AIaaS Provider and Customer Responsibilities
AI-as-a-Service democratizes access to AI by making the technology more readily available and affordable for organizations of all sizes. The division of responsibilities between the provider and the customer will vary depending on the exact nature of the service and the service-level agreement (SLA).
For example, some services provide customers with a selection of AI models to choose from, while others require the customer to handle model development themselves.
The chart below provides an overview of typical provider and customer responsibilities.

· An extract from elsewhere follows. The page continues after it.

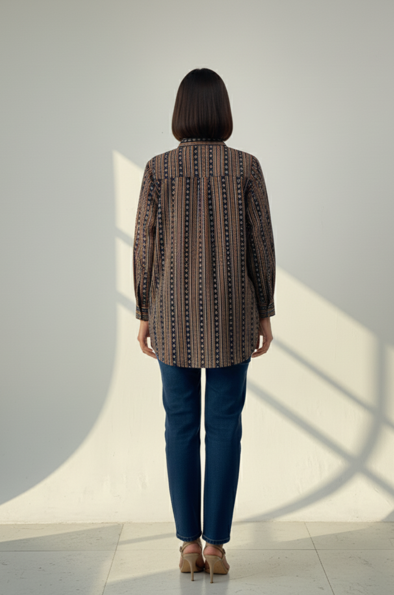 Handcrafted in 100% cotton,Ajrakh shirt in deep green and black celebrates craft through a modern lens. The collared neckline, button-down design, and full sleeves make it a refined essential for all-day comfort and understated elegance.Style it with trousers and silver hoops for a polished look, or pair it with denims and flats for easy everyday charm.

|AIaaS Service Provider Responsibilities||AIaaS Customer Responsibilities|
|Provide a reliable AI service that meets the specifications described in the service level agreements.||Source, clean, label, and maintain the data that will be used to train the AI model.|
|Manage the underlying infrastructure that supports the AI service. This includes server maintenance, hardware upgrades, and ensuring adequate computation resources.||Select (or build) the right AI model for the task at hand and then deploy it.|
|Provide customers with documentation and training resources that teach them how to use the service.||Continuously monitor the performance of the AI model and fine-tune or retrain as necessary.|
|Ensure the AI services they offer meet relevant cybersecurity standards and any other industry-specific compliance requirements.||Ensure that training data complies with all relevant privacy laws and regulations.|
|Make sure the AI service they offer is reliable and up-to-date with new advancements.||Troubleshoot common issues.|
Popular AIaaS vendors include:
- OpenAI: OpenAI, the organization behind ChatGPT, offers generative AI services and APIs that enable developers to integrate natural language processing capabilities into their applications, including text generation, language translation, and sentiment analysis.

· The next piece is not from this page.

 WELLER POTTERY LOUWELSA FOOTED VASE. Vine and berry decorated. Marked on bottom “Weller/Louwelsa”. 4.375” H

- Amazon Web Services (AWS): AWS offers various AI services, including Amazon Rekognition for computer vision, Amazon Comprehend for natural language processing, Amazon Lex for building chatbots, and Amazon Forecast for predictive analytics.

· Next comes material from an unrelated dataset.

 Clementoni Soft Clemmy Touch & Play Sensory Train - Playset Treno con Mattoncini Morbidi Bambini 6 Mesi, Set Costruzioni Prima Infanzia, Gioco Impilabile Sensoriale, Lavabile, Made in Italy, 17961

- Google Cloud Platform (GCP): GCP provides AIaaS offerings such as Google Cloud Vision for image recognition, Google Cloud Natural Language for text analysis, and Google AutoML for training machine learning models.
- Microsoft Azure: Microsoft Azure offers a range of AI services, including Azure Cognitive Services for vision, speech, language, and search functionalities. Azure Machine Learning allows users to build, deploy, and manage machine learning models.
- IBM Watson: IBM Watson provides AI services such as Watson Assistant for building conversational agents and Watson Natural Language Understanding for text processing.
- Salesforce: Salesforce is an AI-powered platform that provides various AI services integrated into Salesforce’s customer relationship management (CRM) solutions. It includes features like predictive lead scoring, automated email responses, and sentiment analysis.
- Oracle AI Platform: Oracle AI Platform offers a suite of AIaaS solutions, including Oracle Autonomous Database with built-in machine learning capabilities, Oracle Cloud Data Science for building and deploying models, and Oracle AI Apps for industry-specific AI applications.
- Tencent AI Open Platform: Tencent, a Chinese technology company, offers an AI open platform that provides a wide range of AI capabilities, including image recognition, natural language processing, voice recognition, and recommendation systems.
- Baidu AI Open Platform: Baidu, a leading Chinese search engine, provides an open platform that offers AI services like image recognition, speech synthesis, natural language processing, and machine learning tools.
- Clarifai: Clarifai is an AI company that offers a platform for visual recognition and image analysis. It provides APIs and software development kits (SDKs) for tasks such as object detection, image classification, and facial recognition.